Originally published 1 February 2010

Keywords: Decree 01, private placement, shares, Vietnam, shareholding companies

Summary

On 4 January 2010 the Prime Minister issued Decree No. 01/2010/ND-CP ("Decree 01") providing for both the private placement of shares by Vietnamese shareholding companies ("Offering Enterprise") and the administrative penalties for offences in relation to such private placement activities.

Full Update

Shareholding companies established and operating under foreign laws are not permitted to offer shares in Vietnam unless otherwise stipulated in international treaties to which Vietnam is a member.

Applicable entities are (i) shareholding companies and (ii) enterprises converting into shareholding companies, except for wholly State-owned enterprises converting into shareholding companies.

Decree 01 defines private placement as a direct offer for sale of shares or share options, not using the mass media, to either (i) professional securities investors or (ii) non-professional securities investors (provided the number of such investors is not greater than one hundred).

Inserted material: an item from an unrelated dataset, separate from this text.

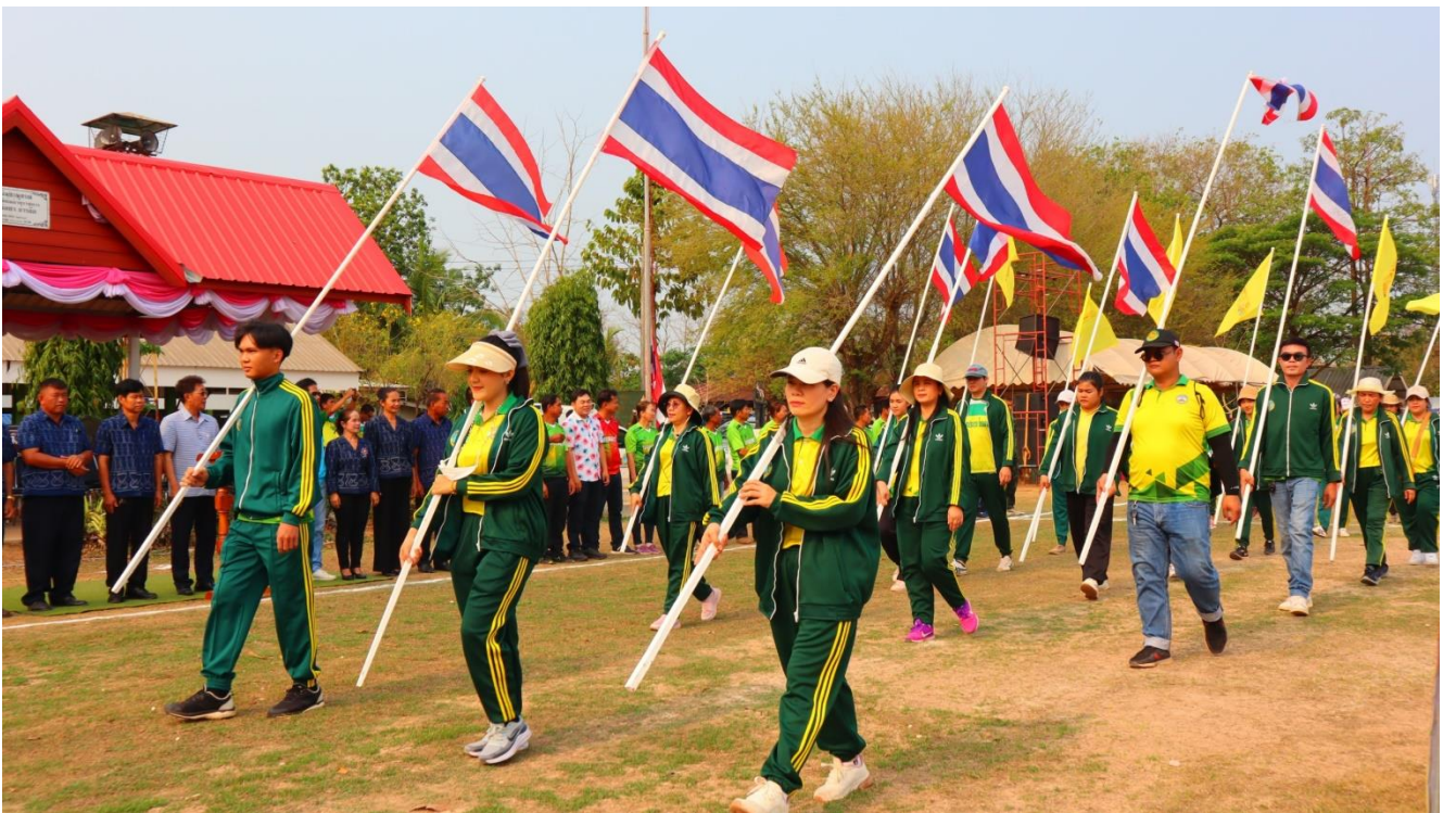
ภาพประกอบกิจกรรม

This mode of share sale contrasts sharply with a public offer of securities, which includes an offer for sale of securities: (i) via the mass media, including the internet; (ii) to one hundred or more investors, excluding institutional securities investors; and (iii) to a number of undefined investors.

The State bodies in charge of private placement of shares comprise: the State Bank of Vietnam (in relation to credit institutions); the Ministry of Finance (in relation to insurance companies); the State Securities Commission (in relation to securities companies, fund management companies, and public companies, except those operating in the credit and insurance fields); and the relevant Departments of Planning and Investment, management authorities of industrial zones, export processing zones, high technology zones, economic zones (in relation to shareholding companies other than those mentioned above).

In order to privately place shares, the Offering Enterprise must:

  • Be an applicable entity mentioned above
  • Have a corporate resolution approving the private placement plan and the plan for use of proceeds received from private placement adopted pursuant to the company charter
  • Have an offering plan identifying the target investors and suspending the transfer of shares for at least one year after completion of each placement
  • Formulate criteria for identifying and selecting strategic partners (if any)
  • Send a complete and valid application file for registration of private placement of shares to the relevant State body not less than 20 days prior to the proposed date of private placement
  • Conduct private placement with tranches at least six months apart from each other
  • Comply with requirements on capital contribution ratio and investment form where there is foreign investor participation

Decree 01 sets out the following obligations to be performed by Offering Enterprises:

  • To refrain from advertising their private placement in the mass media both 90 days prior to, and during, the period of private placement
  • To send to the relevant State body their file for registration of private placement of shares
  • To provide information on their private placement to investors
  • To organise their private placement in strict accordance with the plan registered with the relevant State body

Decree 01 also provides for penalties for administrative offences in the activities of private placement. Breaching the provisions on reporting and disclosure of information will result in a warning or a fine between VND10 million and VND30 million (about USD500-1,600). However, breaching the provisions on documentation, conditions and organisation of sale offers may result in a fine from VND30 million to VND100 million (about USD1,600-5,300).

Decree 01 takes effect from 25 February 2010.